Copy the data exactly; pictures stay out of the copy.

Data provided:
┌──

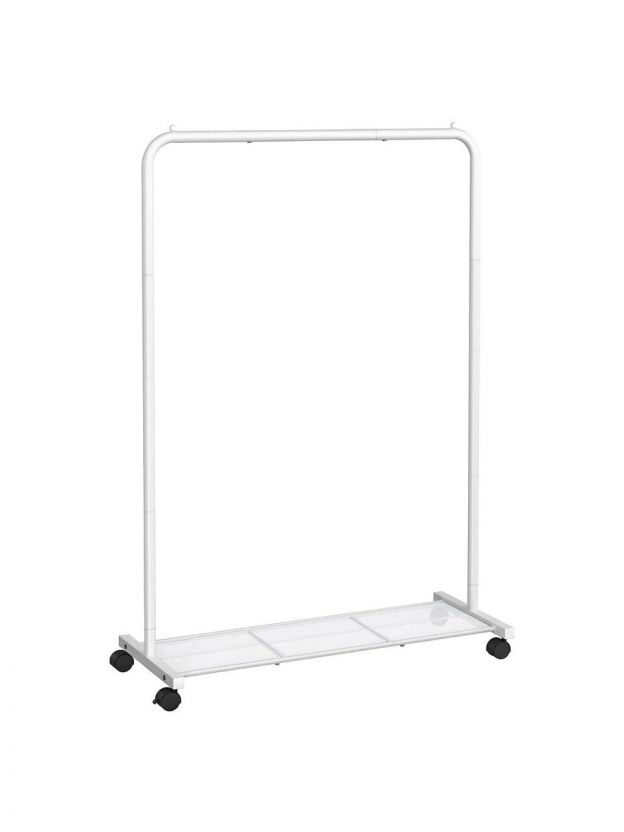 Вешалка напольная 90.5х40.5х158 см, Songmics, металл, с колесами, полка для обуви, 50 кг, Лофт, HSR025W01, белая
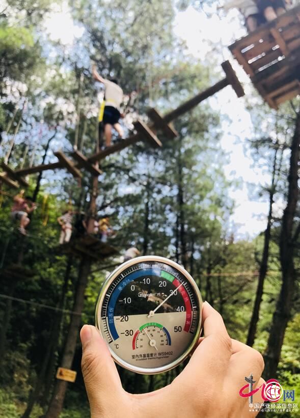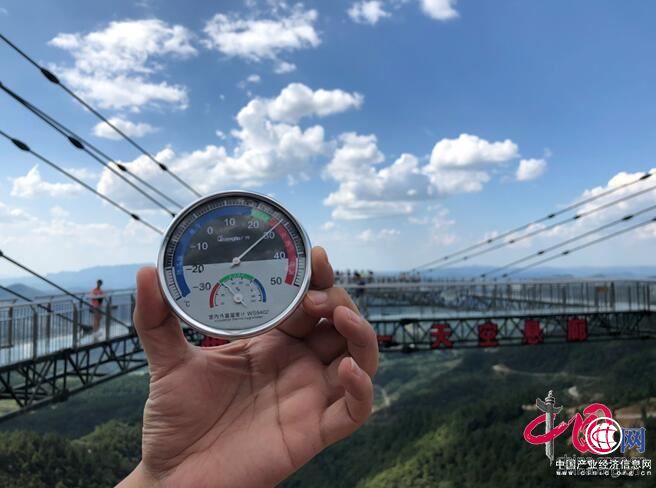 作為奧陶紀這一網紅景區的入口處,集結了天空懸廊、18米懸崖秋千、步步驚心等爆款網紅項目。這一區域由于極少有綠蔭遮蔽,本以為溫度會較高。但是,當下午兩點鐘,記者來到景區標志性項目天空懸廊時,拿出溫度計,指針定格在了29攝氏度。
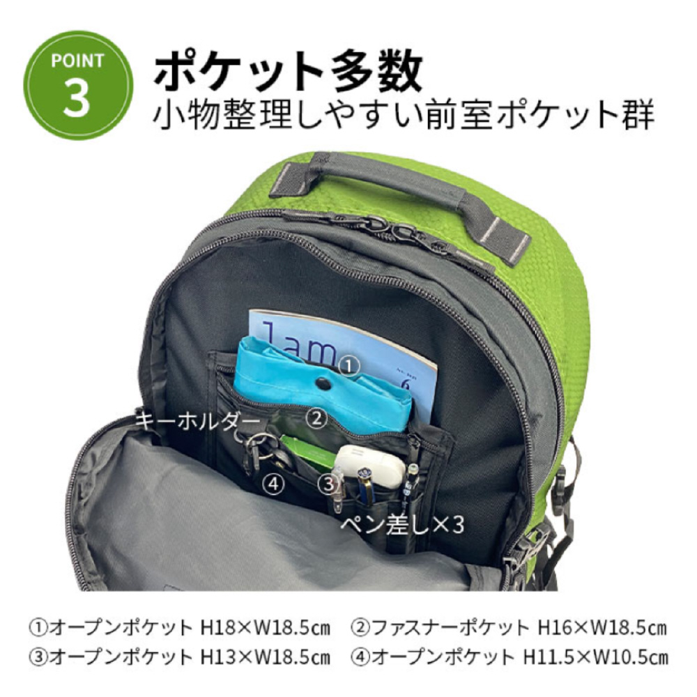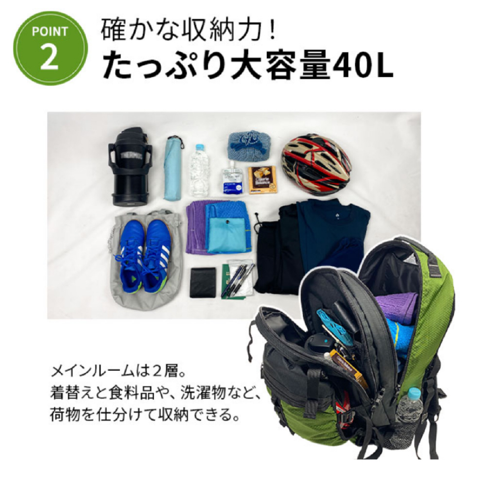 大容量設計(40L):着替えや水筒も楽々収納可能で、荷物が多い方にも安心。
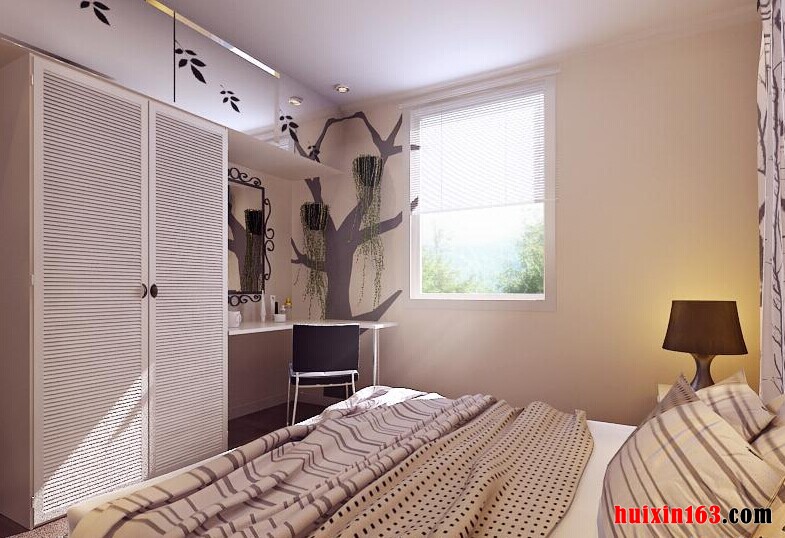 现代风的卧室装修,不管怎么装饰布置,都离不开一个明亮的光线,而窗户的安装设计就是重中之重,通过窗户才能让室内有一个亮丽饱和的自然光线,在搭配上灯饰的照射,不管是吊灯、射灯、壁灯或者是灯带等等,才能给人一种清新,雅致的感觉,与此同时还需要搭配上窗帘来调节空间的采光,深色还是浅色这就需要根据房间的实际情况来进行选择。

└──

Exercise result:
 Вешалка напольная 90.5х40.5х158 см, Songmics, металл, с колесами, полка для обуви, 50 кг, Лофт, HSR025W01, белая
 作為奧陶紀這一網紅景區的入口處,集結了天空懸廊、18米懸崖秋千、步步驚心等爆款網紅項目。這一區域由于極少有綠蔭遮蔽,本以為溫度會較高。但是,當下午兩點鐘,記者來到景區標志性項目天空懸廊時,拿出溫度計,指針定格在了29攝氏度。
 大容量設計(40L):着替えや水筒も楽々収納可能で、荷物が多い方にも安心。
 现代风的卧室装修,不管怎么装饰布置,都离不开一个明亮的光线,而窗户的安装设计就是重中之重,通过窗户才能让室内有一个亮丽饱和的自然光线,在搭配上灯饰的照射,不管是吊灯、射灯、壁灯或者是灯带等等,才能给人一种清新,雅致的感觉,与此同时还需要搭配上窗帘来调节空间的采光,深色还是浅色这就需要根据房间的实际情况来进行选择。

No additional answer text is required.